Using computers to create full wiring maps of complex brains is enabling a new era of neuroscience. A recently released map of the complete male fruit fly brain and central nervous system provides a foundational resource for studying how the brain responds to stimuli and controls the body.
But reconstructing the entire brains of mammals, and certainly of humans, remains far out of reach. The fruit fly brain map, with 166,000 neurons, represents years of work by AI-enabled computers and human experts. A complete mouse brain is a thousand times larger, and a human brain is a thousand times larger than that.
Google Research is developing AI techniques to tackle larger brain mapping projects by speeding up the identification, classification, and visualization of neurons. With our partners, we’ve also mapped fragments of a zebra finch brain, a whole larval zebrafish brain, and a small fragment of the human brain, and we recently launched an effort to map a small section of mouse brain. Our new paper “MoGen: Detailed neuronal morphology generation via point cloud flow matching”, to be presented at ICLR 2026, uses synthetic neural shapes to improve AI reconstruction models.

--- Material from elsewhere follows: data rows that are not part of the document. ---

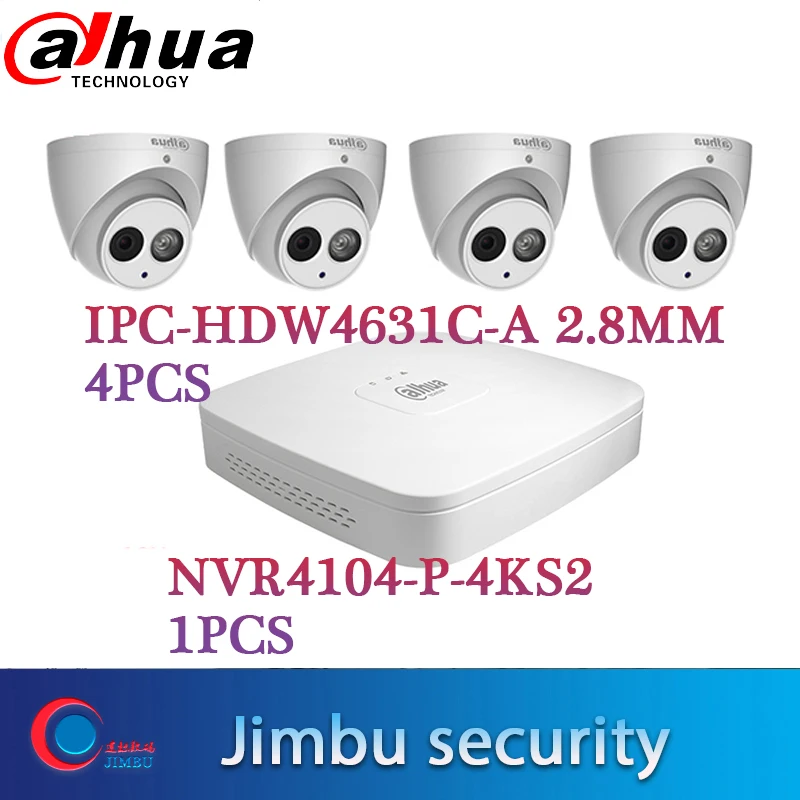 TOP Dahua 4CH cctv system NVR video recorder NVR4104-P-4KS2 & Dahua 6MP IP camera 4pcs IPC-HDW4631C-A H
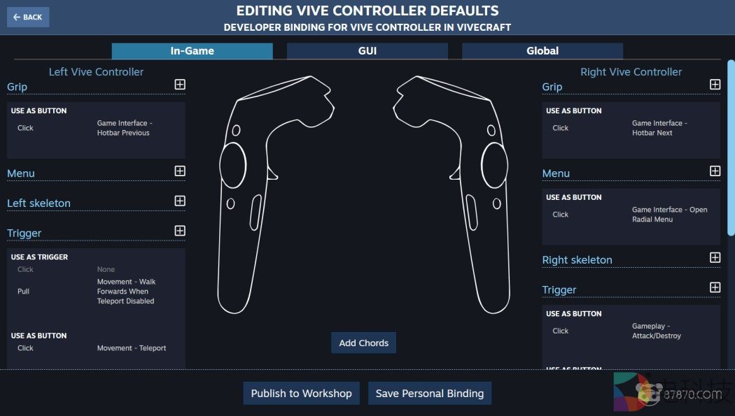 V社是于2018年正式放出了Steam Input,并允许游戏适配所有不同的VR控制器。这类似于Steam的常规控制器输入,对于熟悉Steam Controller的玩家来说应该不会感到陌生。SteamVR允许《Vivecraft》用户按照自己的喜好自定义控制器控键,这为Valve Index控制器提供了额外的灵活度。毕竟,与大多数控制设备不同,Index控制器搭载了87个传感器,包括用于输入的多个物理按钮和电容式触控板。
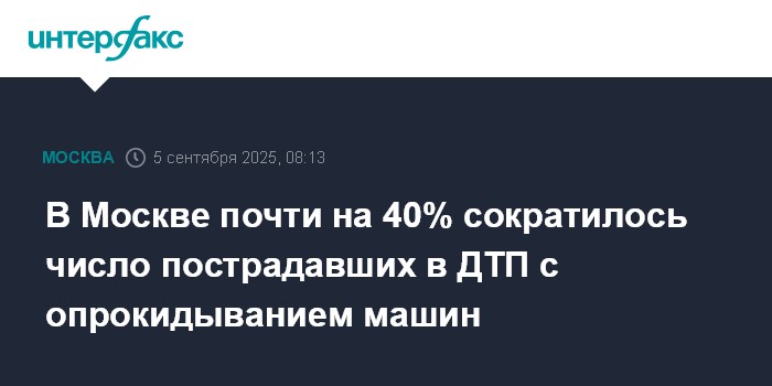 Москва. 5 сентября. INTERFAX.RU - В Москве в январе-июле 2025 года в ДТП с падением или опрокидыванием автомобилей, мотоциклов и средств индивидуальной мобильности (СИМ) пострадали на 37% меньше человек, чем за тот же период 2024 года, сообщили "Интерфаксу" в пресс-службе Центра организации дорожного движения (ЦОДД).
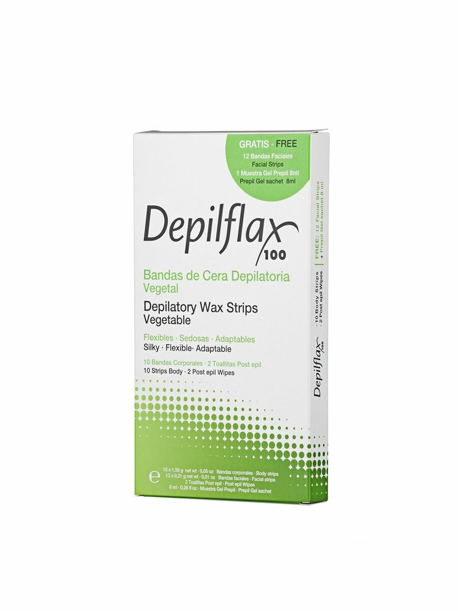 Полоски с воском Depilflax - деликатный и бережный способ избавления от нежелательных волосков на теле. Основным их преимуществом является экономичность и удобство использования в домашних условиях. В наборе: полоски для тела 10 шт., полоски для губ 2 шт., гель перед депиляцией 8 мл., салфетка-уход для снятия остатков воска, с маслом 2 шт.

Enhancing the training data with synthetic examples from the Neuronal Morphology Generation model, or MoGen, delivers a 4.4% reduction in reconstruction errors and suggests directions for further improvements. While a 4.4% error improvement might sound modest, at the large scale of a complete mouse brain, this translates to 157 person-years of manual proofreading saved.
This adds to the Google Research Connectomics team’s growing list of foundational tools to advance modern neuroscience, developed over more than a decade of collaborative brain science research.